— What is required —
Return only the lines below starting at the line containing "Команда 6 А" and ending at the line containing "Kenny  found this", both included, exactly as they are and with no pictures.
§ §
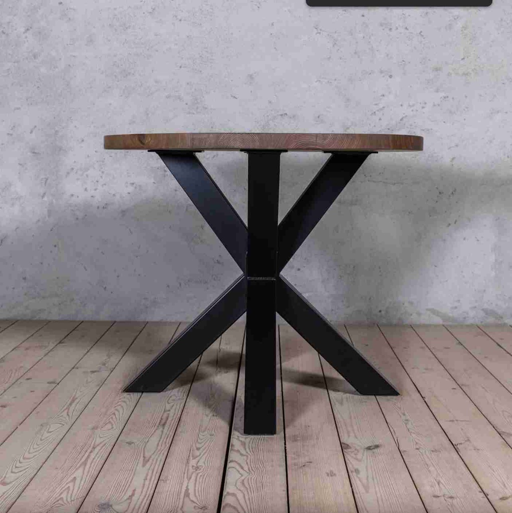 Bàn Ăn Tròn Gỗ Tần Bì Chân Sắt Hộp Đường Kính 80 Cao 75 (cm)
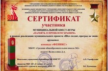 Команда 6 А класса ( кл. рук. Гильмутдинова Г. Р.) «Феникс» приняла участие в квест-игре «ПАМЯТЬ О ПРОШЛОМ ХРАНИМ». Ребята получили возможность не только поучаствовать в увлекательных испытаниях, но и погрузиться в изучение исторического наследия своей страны.Команда «Феникс» достойно проявила себя и вошла в пятерку лучших команд нашего города , заняв 4-е место.Поздравляем и желаем дальнейших побед. Дальше - больше!
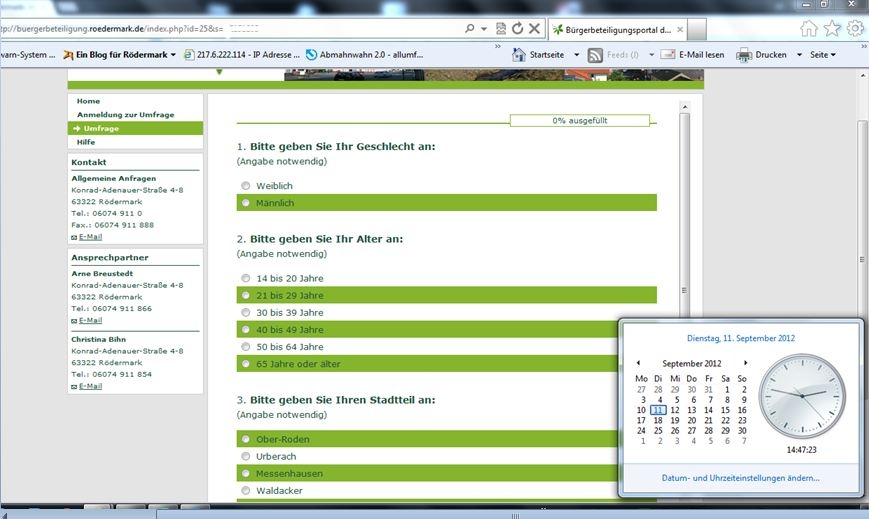 Am Montag, dem 10.9.2012, konnte man den Fragebogen im Internet NICHT mehr beantworten. Eine Info-Box brachte den Hinweis auf die beendete Befragung. Jetzt, am 11.09.2012, kann man wieder an der Umfrage teilnehmen.
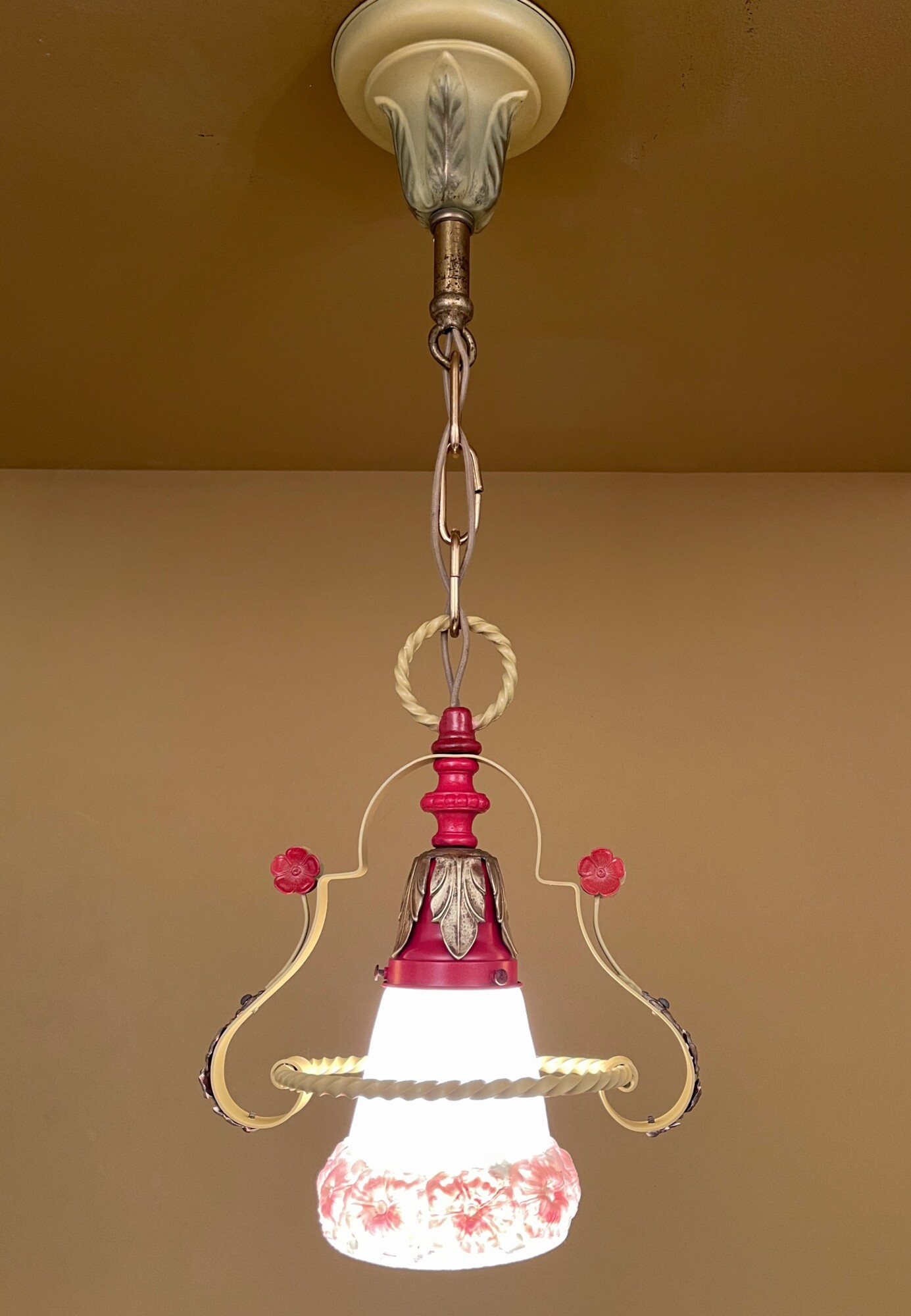 Kenny  found this pitiful thing. I felt I had no  choice but to save it. The shade is not original. Also, it had been spray-painted black. Oh, the horror. But…drum roll, please…you can see hints of red peeking out. Oh!  Later, I discovered that the main color was a kinda buttery finish. Golly! It was a lot of fun (and work) to carefully restore the original finish. Scroll down to gasp!
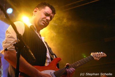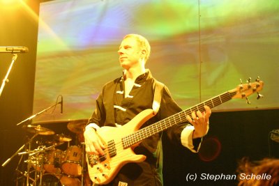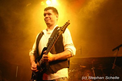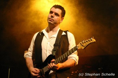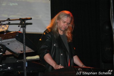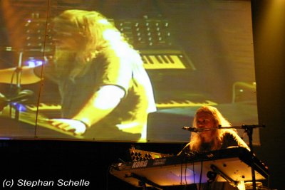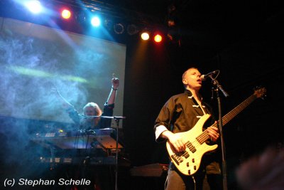 Anfangs noch abgeklärt und zu professionell, tauten sie im Laufe des Gigs immer mehr auf und zeigten, dass es ihnen doch ’ne Menge Spaß machte hier live zu spielen. Clive ging streckenweise ziemlich mit, was sich darin zeigte, dass er beim Keyboardspielen hinter seinen Tasteninstrumenten rumhüpfte. Auch wackelte er bedrohlich mit seinen Keyboards, so dass ich schon befürchtete, dass sie umkippen könnten. Clive, der bei Konzerten immer im langen schwarzen Ledermantel auftritt, betonte, dass es Zeit sei, für dieses Jubiläum sich des Kleidungsstückes zu entledigen, was seine Kollegen zu der Äußerung bewegte, dass es auch Zeit sei das Teil endlich mal zu reinigen.
§ §
— Exercise response —
 Команда 6 А класса ( кл. рук. Гильмутдинова Г. Р.) «Феникс» приняла участие в квест-игре «ПАМЯТЬ О ПРОШЛОМ ХРАНИМ». Ребята получили возможность не только поучаствовать в увлекательных испытаниях, но и погрузиться в изучение исторического наследия своей страны.Команда «Феникс» достойно проявила себя и вошла в пятерку лучших команд нашего города , заняв 4-е место.Поздравляем и желаем дальнейших побед. Дальше - больше!
 Am Montag, dem 10.9.2012, konnte man den Fragebogen im Internet NICHT mehr beantworten. Eine Info-Box brachte den Hinweis auf die beendete Befragung. Jetzt, am 11.09.2012, kann man wieder an der Umfrage teilnehmen.
 Kenny  found this pitiful thing. I felt I had no  choice but to save it. The shade is not original. Also, it had been spray-painted black. Oh, the horror. But…drum roll, please…you can see hints of red peeking out. Oh!  Later, I discovered that the main color was a kinda buttery finish. Golly! It was a lot of fun (and work) to carefully restore the original finish. Scroll down to gasp!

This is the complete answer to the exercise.